Samedi 6 février, Corbeil-Essonnes.
Lancry - Camper SVV. Cabinet Turquin.
Vers 1730, Robe volante en lampas fond gros de Tours jaune citron broché de soie verte, filé et frisé métalliques argent étincelant, à décor stylisé de grenades, corbeille de fleurs et d’un kiosque d’inspiration chinoise, inscrits entre les courbes et contre-courbes de feuilles dentelées recourbées.
Frais compris :173 600 €.
Élégance rococo
On affirme souvent que l’élégance a connu son âge d’or en France au XVIIIe siècle. Il suffit de contempler cette robe volante, à plis Watteau, pour s’en persuader. C’était le clou de la vente du 4 février à Lyon, où elle fut fermement bataillée entre collectionneurs privés et institutions. Estimée autour de 10 000 €, elle finissait sa course folle à 140 000 €, préemptée par le musée Galliera à Paris, dont elle constituera bientôt un des fleurons.

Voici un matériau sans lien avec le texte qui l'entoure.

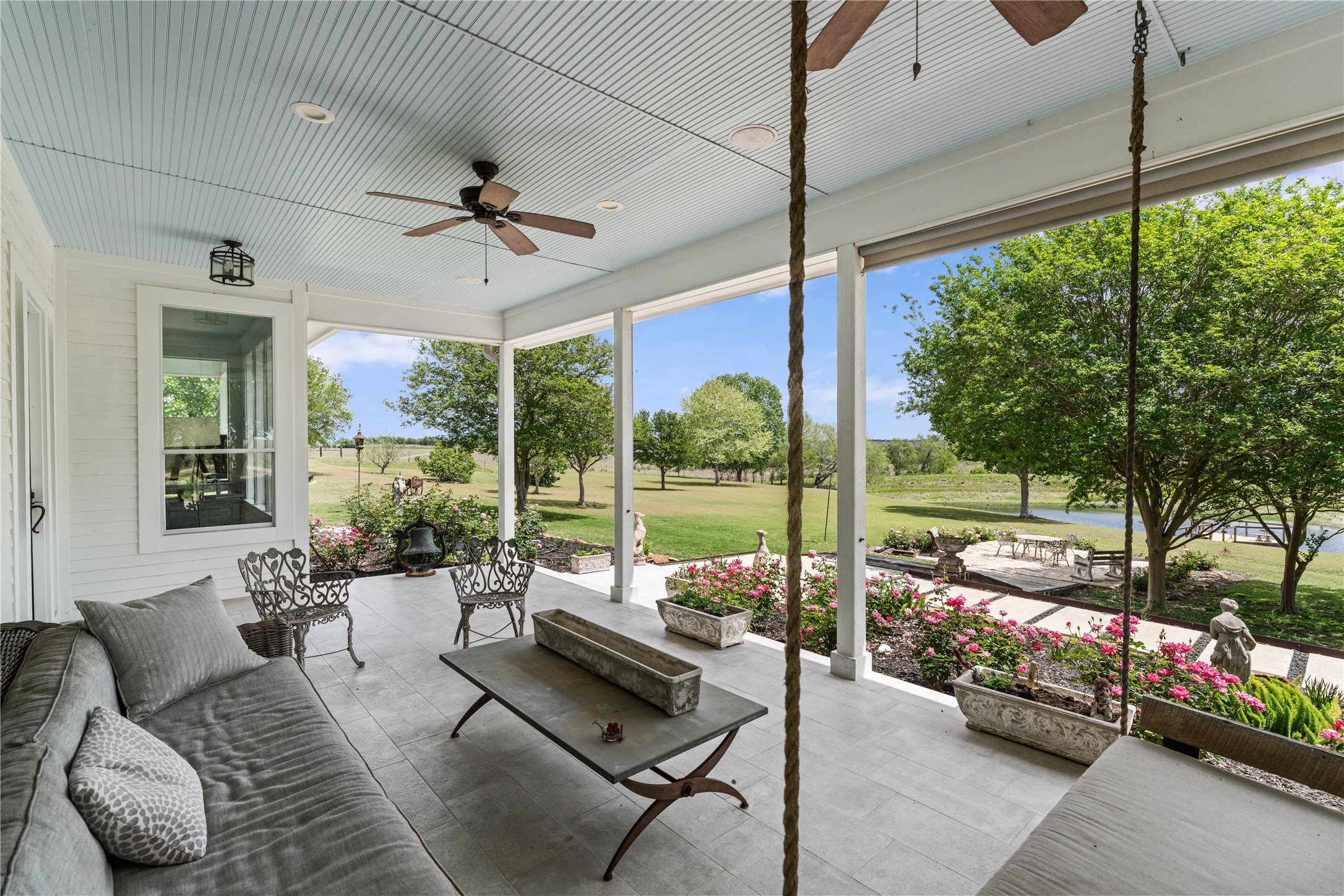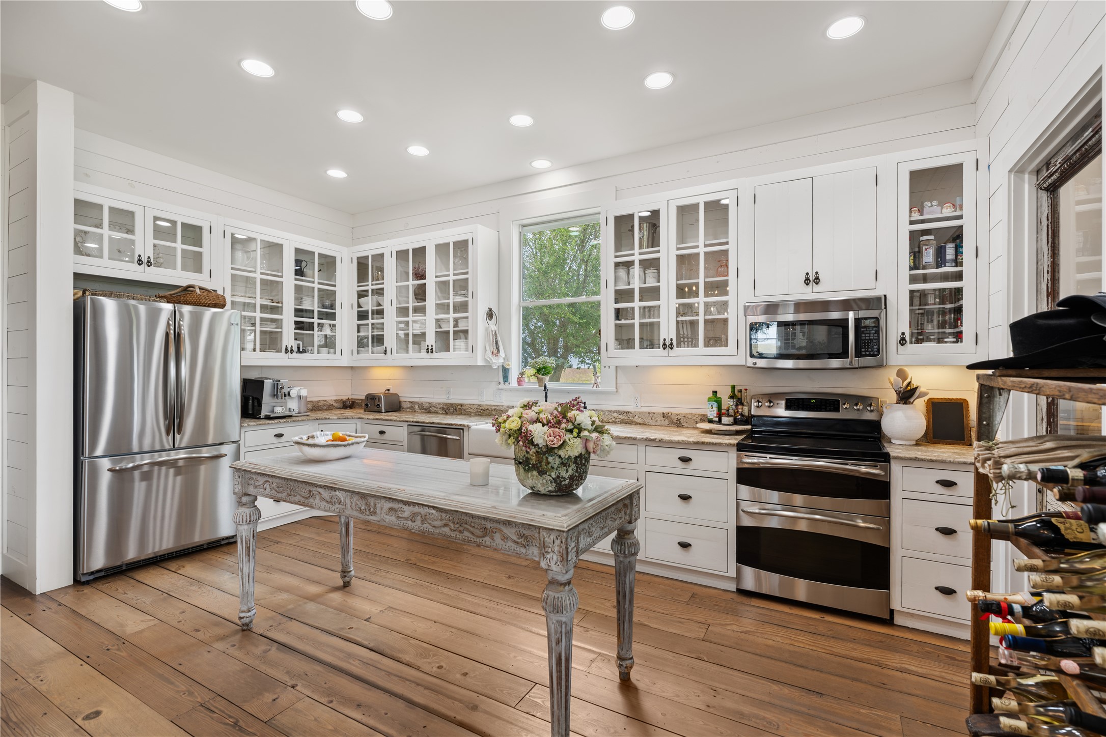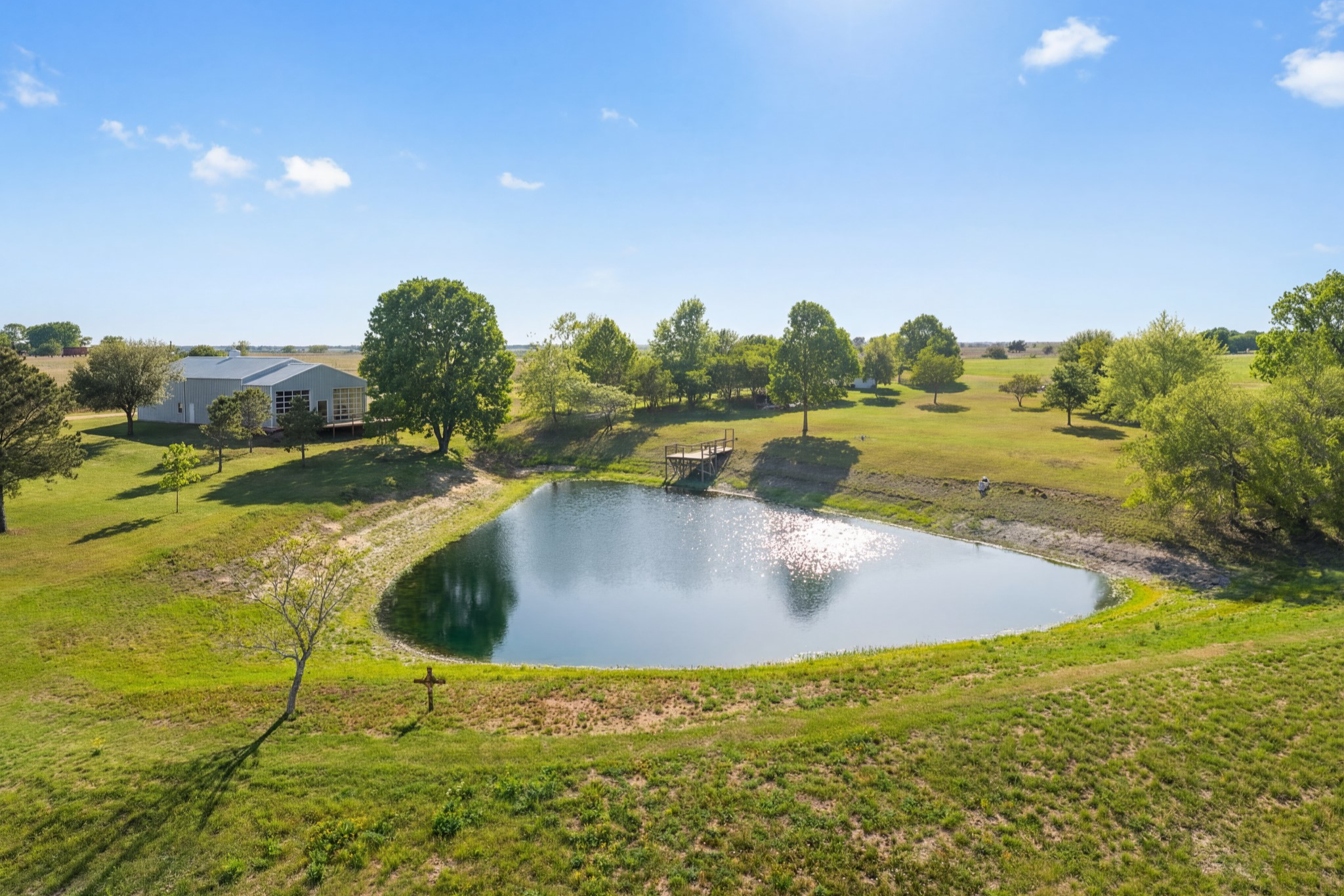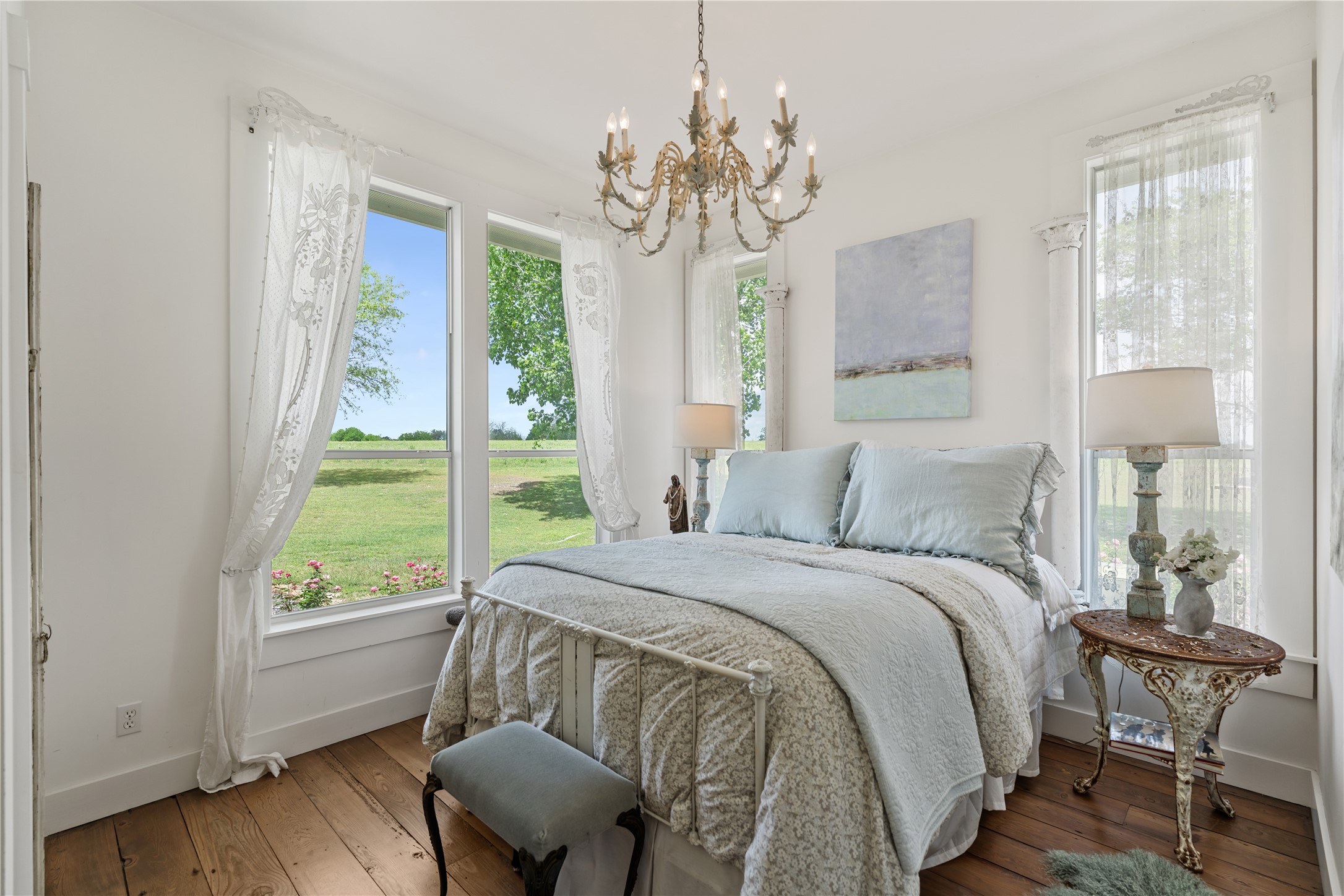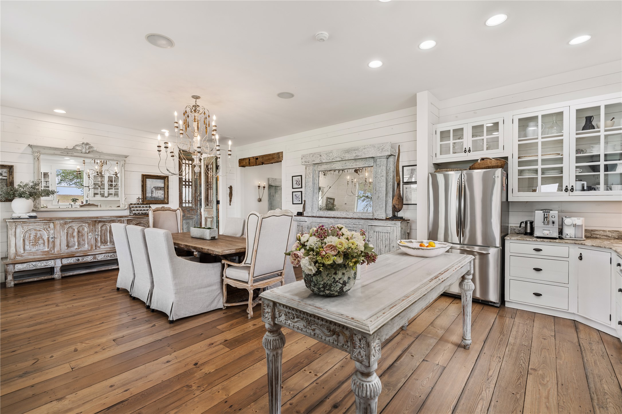 Experience this luxury Texas estate on acreage just minutes from Round Top, offering panoramic 360 degree views and exceptional income potential. The property includes a 4 bed, 2 bath French Country barn home, a designer 2 bed, 2 bath residence, a fully furnished guest house, and a charming 1 bed, 1 bath chapel style cottage ideal for weddings, events, or rentals. Interiors feature hand hewn beams, wide plank wood floors, and custom finishes. A 3,000 sq ft climate-controlled party barn with two story glass doors could easily be converted to living space. Set on one of the highest points in Washington County, the estate offers a fishing pond with pier, fire pit, orchard, raised beds, and a 400 vine Blanc du Bois vineyard. Ag exempt and operating as a successful event venue and B&B, it provides 7 bedrooms, 5 full baths, and 1 half bath, making it a rare turnkey retreat, investment property, or dream country home.

Confectionnée au début du règne de Louis XV, elle établit un nouveau record pour un vêtement ancien, prouvant, s’il le fallait encore, que les vestiges des modes passées accèdent à un véritable statut d’objet d’art. Et que, désormais, la côte des costumes du XVIIIe rattrape les meilleures enchères recueillies par les créations des grands couturiers du XXe siècle. Mais restons à l’époque des Lumières, et rappelons, à titre de comparaison, qu’une charmante robe-redingote réalisée vers 1787 (voir Gazette n° 6, 2015, p. 42), avait déjà inscrit un exceptionnel résultat de 90 000 € au marteau, le 4 février 2015 (Drouot-Richelieu, Thierry de Maigret SVV). Il est vrai que, plus ancienne de cinquante ans, la pièce applaudie à Lyon ce jeudi, se distinguait par un état de conservation des plus étonnants et une grande fraîcheur de ton. Le lampas jaune citron, peut-être italien, affichait même une certaine excentricité, qui n’est pas rare à l’époque rococo, avec ses motifs de grenades, de kiosques et de corbeilles, brochés de soie verte et de fil d’argent. Enfin, provenant directement des descendants de celle qui la porta jadis, Françoise de la Chaize d’Aix, épouse de l’ambassadeur du Bien-Aimé à Venise, notre robe affichait un pedigree impeccable !
Lyon, Jeudi 4 février.
De Baecque SVV. M. Maraval-Hutin.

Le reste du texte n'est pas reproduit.